POV-Ray uses the so called RGBA-libtif interface and this interface
returns *always* 8 bit/sample 32 bit/pixel data. A simple uncompressed
16bps grayscale image (e.g. for hight fields) will be used by POV-Ray
reduced to 8bps but stored as RGB+A. So in this case we have a loss of
information (16 -> 8 bit) together with a waste of memory.
POV-Ray throws a warning about this 16bit->8bit conversion, but only if
the input *is* exactly 16bit but other bit-depth are quite common within
TIFF. Therefor at least the line
if (BitsPerSample == 16)
{
BytesPerSample = 2;
options.warnings.push_back
("Warning: reading 16 bits/sample TIFF file; components crunched to 8");
}
within tiff.cpp should be changed to
if (BitsPerSample > 8)
{
[...]
But even then e.g. Greg Ward's LogLuv HDR TIFF files will be *silently*
converted and used by POV-Ray as simple LDR 8bps data. No warning, no
message and no documentation about this behavior.
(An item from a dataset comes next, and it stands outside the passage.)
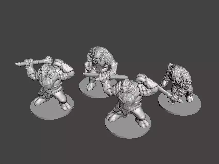 6MM SCALE ARMORED TROLL CHIEFS SET OF 4 DIFFERENT MINIATURE MODELS FOR 6MM-8MM SCALE GAMES, CAN BE USED AS TROLLS, GIANT GUARDS, PIGMEN, XENOS SOLDIERS, ALIEN INFANTRY, BARBARIANS OR ORC FORCES, AS A TOY FOR KIDS, AS A FIGURE FOR ADULTS & KIDS TO PAINT OR AS AN ORNAMENT (CAN BE UPSCALED AS NEEDED)

This is definitely not
the way image import should be handled.
Also the input for 'simple' color palette TIFF is broken as it does
ignore the possibility of tiles instead of strips within TIFF. And this
causes even a segfault!
To avoid the possible crash the line
if (PhotometricInterpretation == PHOTOMETRIC_PALETTE)
{
[...]
should be changed to
if ((PhotometricInterpretation == PHOTOMETRIC_PALETTE) &&
(TIFFIsTiled(tif) == 0))
{
[...]
> Anyway, I got the libtiff 3.8.2 running with POV-Ray 3.7 now, and will
> submit the changes to the repository any minute.
The latest libtif release is 3.9.1 and fixes numerous bugs (including
some fixes provided by me ;) compared to 3.8.2.